I’m done talking about RSS (originally RDF Site Summary, then Rich Site Summary, then Really Simple Syndication – gopod only knows what it stands for now). It’s been made clear to me that my interlocution in the increasingly unhelpful RSS debates is unwelcome, and I’ve started tasting bile and feeling the urge to utter “a pox on (all) your houses.”
I generally don’t cast aspersions on the integrity of virtual strangers, for who am I to get inside their heads and explain their motivations? I expect the same courtesy in response – the respect that comes from assuming that my own comments are true expressions of my own reactions, thoughts, feelings, and interpretations.

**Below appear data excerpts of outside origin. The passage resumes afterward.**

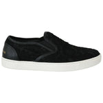 Dolce & Gabbana Black Lace Leather Logo Flat Slip-On Sneakers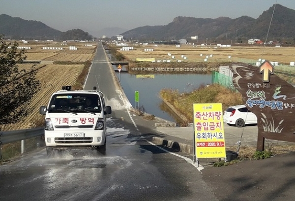 이와 더불어 매일 시 방역차량과 김해축협 공동방제단 차량을 이용해 화포천, 낙동강 주변 등 철새도래지와 주변 농가에 대한 소독을 강화하여 야생조류에 의한 바이러스의 농장 유입을 막고 있다.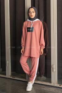 Lamelif Balance Armalı Çımalı İkili Tesettür Takım Acı Kahve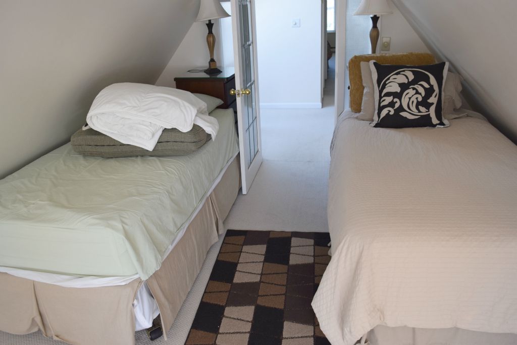 The unit has a living room, kitchen, and bathroom in suite. The bedroom 1 has a queen size bed, nightstand, and closet; the bedroom 2 has 2 twin beds, a dresser, and nightstands; the bedroom 3 has a dresser, nightstands, and a closet. The space measures 1750 ft² + 100 ft² of balcony approximately.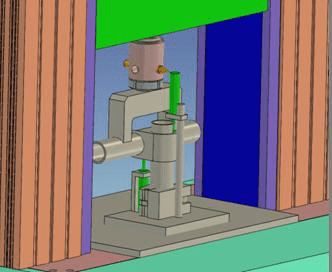 试验说明:抗滑性能试验装置一套(含两个位移计,量程15mm,)与破坏性能试验装置共用适用于扣件专用抗滑性能试验。通过上夹具对横向钢管施加一载荷P。绿色部分为两个位移计,位移计可拆卸,便于破坏试验实现。能测量试验过程中横向钢管相对竖直钢管位移Δ1和扣件与钢管相对位移Δ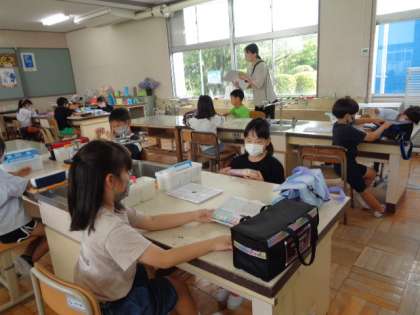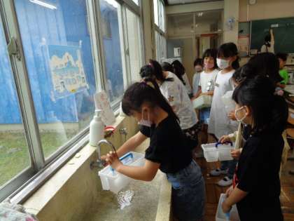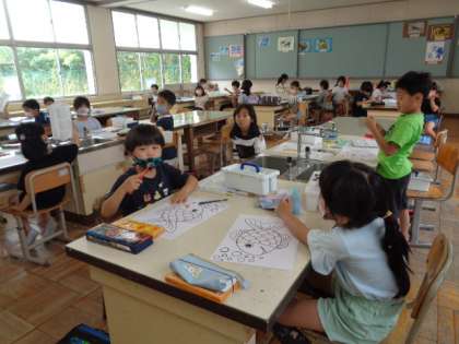 絵の具を使って、魚を虹色にぬる活動です。 水彩絵の具の使い方について、ていねいに確認していました。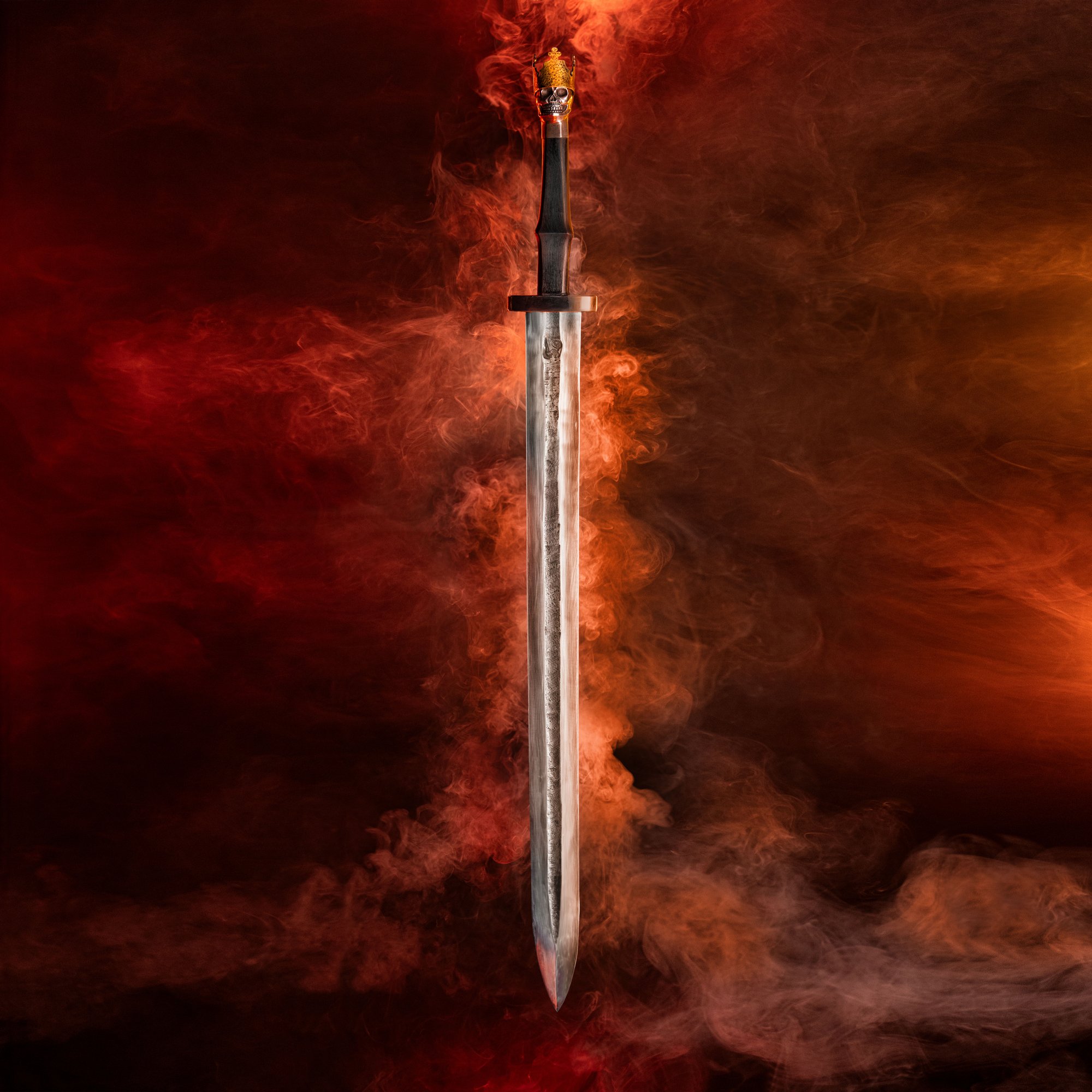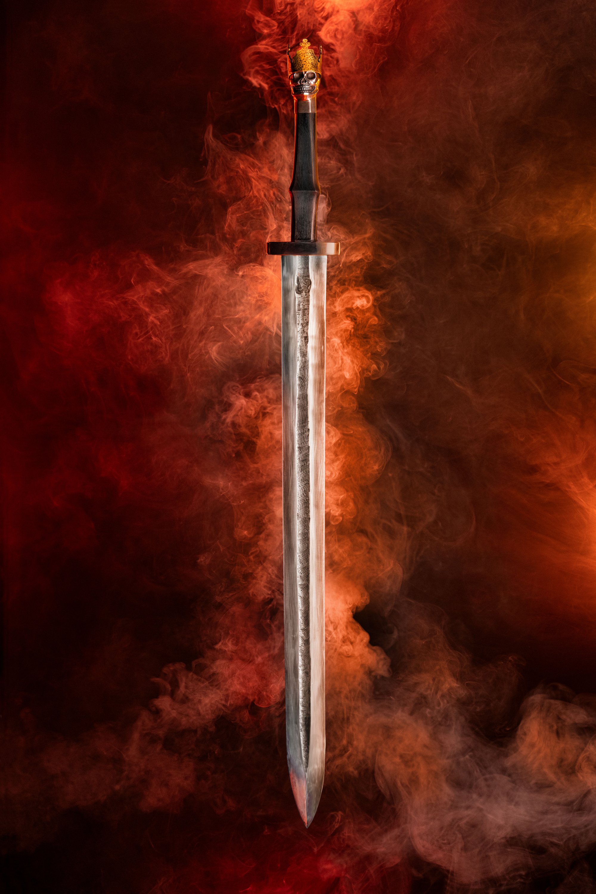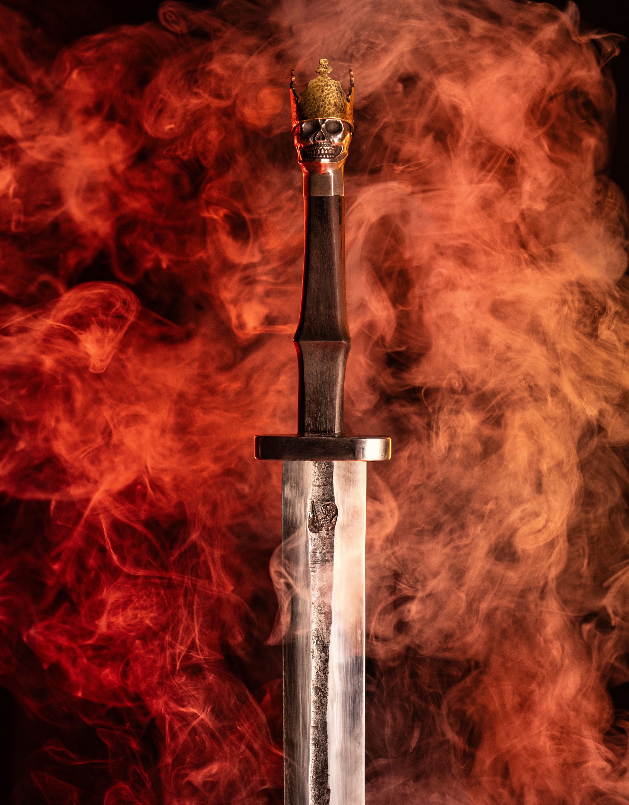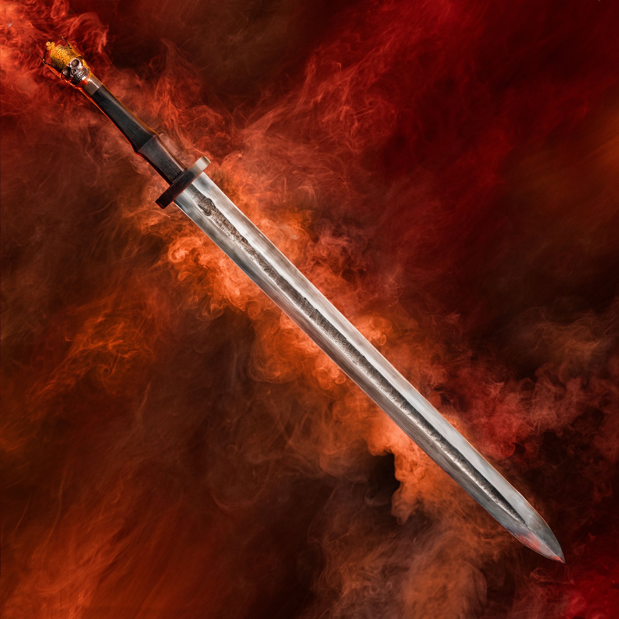 The swords feature a guard and pommel designed with a distinctive skull motif, intricately shaped from a century-old wrought iron anchor chain, adding a touch of historical reverence to their construction. The handle, made from African Blackwood, is crowned with brass, lending each sword a regal allure that is as elegant as it is deadly. This unique blend of craftsmanship and heritage ensures that each sword is not only a weapon of unmatched quality but also a work of art, embodying the spirit and resilience of the champions it honors.

I don’t believe I have anything to contribute to the RSS debate, and I don’t believe it will ever be resolved. I do think that the many flavors of RSS have a head start over any potential new vendor-neutral format (for all of the pertinent aspects of weblogging) that may arise, but I feel that the effort is worth the while, sysiphean as it may turn out to be, and I’d like to put my shoulder under that rock along with the others trying to work out a roadmap forward, built on learning the lessons of the past.
This means I will try to contribute to the “what is a weblog?” discussion and to the Wiki Sam Ruby is hosting, as soon as I have anything of value to contribute. I’ll also do what I can do to support and adopt the format the emerges, if at all possible. Of course I’ll continue to have RSS feeds for my various sites, as long as necessary.
The best outcome, as I see it, of this new effort, would be a single conceptual model that – by underlying a common syndication, archiving, and editing format – would deliver the holy grail of weblog interoperability: seamless migration from one vendor’s tool to another.
Since that has been one of my issues all along (I believe one of my first posts to RFB spoke about the importance of interop in this area), I think I’ll start experimenting with a project I’ve put off for a long time, given the difficulties. I will attempt to migrate all of my blogs from their current applications to different ones, to document the difficulties in doing so and to clarify my ideas of how migrationg should work. Naturally, I’ll report on my progress and setbacks in this space.